臺灣博碩士論文加值系統

目的： 目前已有研究指出重症病患延遲入住加護病房對病患預後的影響，但仍鮮有研究以急診等待加護病房的時間，來探討其對重症病患預後結果的影響。本研究目的在於探討於急診等待加護病房的重症病患，等待時間對其預後及醫療照護資源使用的影響。

設計： 這是一個透過病例回顧的回溯型研究。於2009年7月至2010年6月，所有成人(實際年齡大於17歲) 非外傷的病患，在急診因急性呼吸衰竭而使用呼吸器支持者，皆納入分析。透過回顧病歷記載，收集了每個個案的人口統計學資料、檢傷級數、到急診時之生命徵象、等待加護病房時間、出院狀態、急性生理及慢性健康評估分數項目、72小時急診非計畫性再回診、出院14天內再住院、呼吸器使用天數、加護病房住院天數、總住院天數等項目納入統計分析。於病患存活與否的結果分組，連續變項用以 Student’s t test、Wilcoxon’s rank sum test，類別變項以 Chi-square及 Fisher’s exact test來分析組間是否有統計上的顯著差異，最後以Cox regression 及 logistic regression來做多元迴歸分析，以探討急診急性呼吸衰竭並使用呼吸器支持的重症病患，加護病房等待時間對其預後結果的影響。

背景設定： 急診部門及加護病房。

病人: 於急診因急性呼吸衰竭而使用呼吸器支持之非外傷成人病患(實際年齡大於17歲)，且成功存活入住到加護病房者。

介入： 無。

結果： 本研究計有1014名個案納入分析，並以病患的存活與否(加護病房21天死亡率、在院死亡率)、較多資源使用與否來作為研究的結果變項；而較多資源使用以呼吸器依賴 (呼吸器連續使用大於21天) 及超長住院 (住院天數大於30天) 來做評估。在Cox迴歸模式下，研究發現加護病房等待時間對病患死亡率而言是一個會質性改變 (危害、非危害) 的變項。故以擬化學滴定的方式，定位出質性改變的時間位置，是發生在急診等待加護病房的9至10小時。於等待時間的前9小時，對加護病房21天死亡率而言，等待時間(單位：小時) 的死亡危險比為1.146 (95% 信賴區間為 1.066-1.232)。而當等待時間延伸超過10小時，卻發現等待時間的死亡危險比於統計上開始呈現不顯著的結果，甚而開始質性改變而成非危害效果。對在院死亡率而言，以同樣方法定位出質性改變的時間位置，是發生在急診等待加護病房的11至12小時，於前11小時等待時間的死亡危險比為1.056 (95% 信賴區間為 1.005-1.110)。此外，急性生理與慢性健康評估分數較高者，對病患死亡率亦是風險因子。而在Cox回歸模式下分析院內死亡機率，以呼吸系統感染為參考類別，我們發現診斷類別為顱內出血、敗血症、腸胃道出血、到院前心肺停止、非冠狀動脈疾病之心血管疾病的病患有相對較高的死亡風險，鬱血性心衰竭之診斷類別會有相對較佳的存活機率。對於存活至加護病房的急診病患而言，加護病房等待時間，在呼吸器依賴上的勝算比為1.015 (95% 信賴區間為 1.008-1.022)；在超長住院上的勝算比為1.016 (95% 信賴區間為 1.008-1.024)。

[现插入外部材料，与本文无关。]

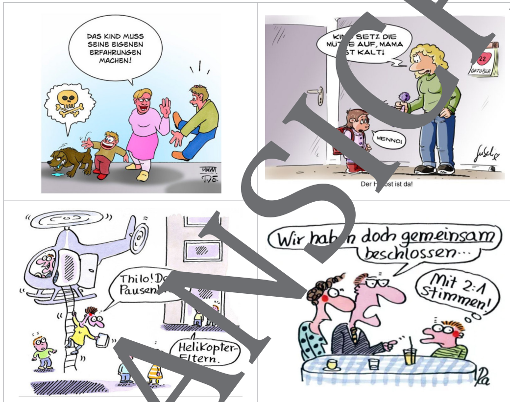
Karikaturen von links oben nach rechts unten: © Timo Essner; Lars Bublitz; Renate Alf (beide)

結論： 急診難以暫代加護病房對重症病患照護的角色，故對急診急性呼吸衰竭而使用呼吸器支持的病患，及時入住到加護病房對病患的預後是有裨益的，亦可降低日後醫療資源的使用。因愈延時入住加護病房，那些能因及時入住加護病房而降低死亡率的病患就愈少，使得加護病房對存活率的裨益會隨之下降，並在9至10小時後消失。而那些存活於延時入住加護病房的重症病患，其對醫療資源的耗用也隨著加護病房等待時間的延長而增加。重症病患延時入住加護病房而停滯於急診，對醫療照護體系是一個惡性循環；因救治不到有迫切需求的病人，而存活者對醫療照護的依賴也較多，因而排擠系統對新病患的處理流量，更增加急診重症病患停滯。
本研究建議醫療照護系統之官方相關管理者，應探求重症病患於急診停滯的原因，並設法解決或緩解此一困境，以減少因急診留滯對病患安全及病患健康的危害。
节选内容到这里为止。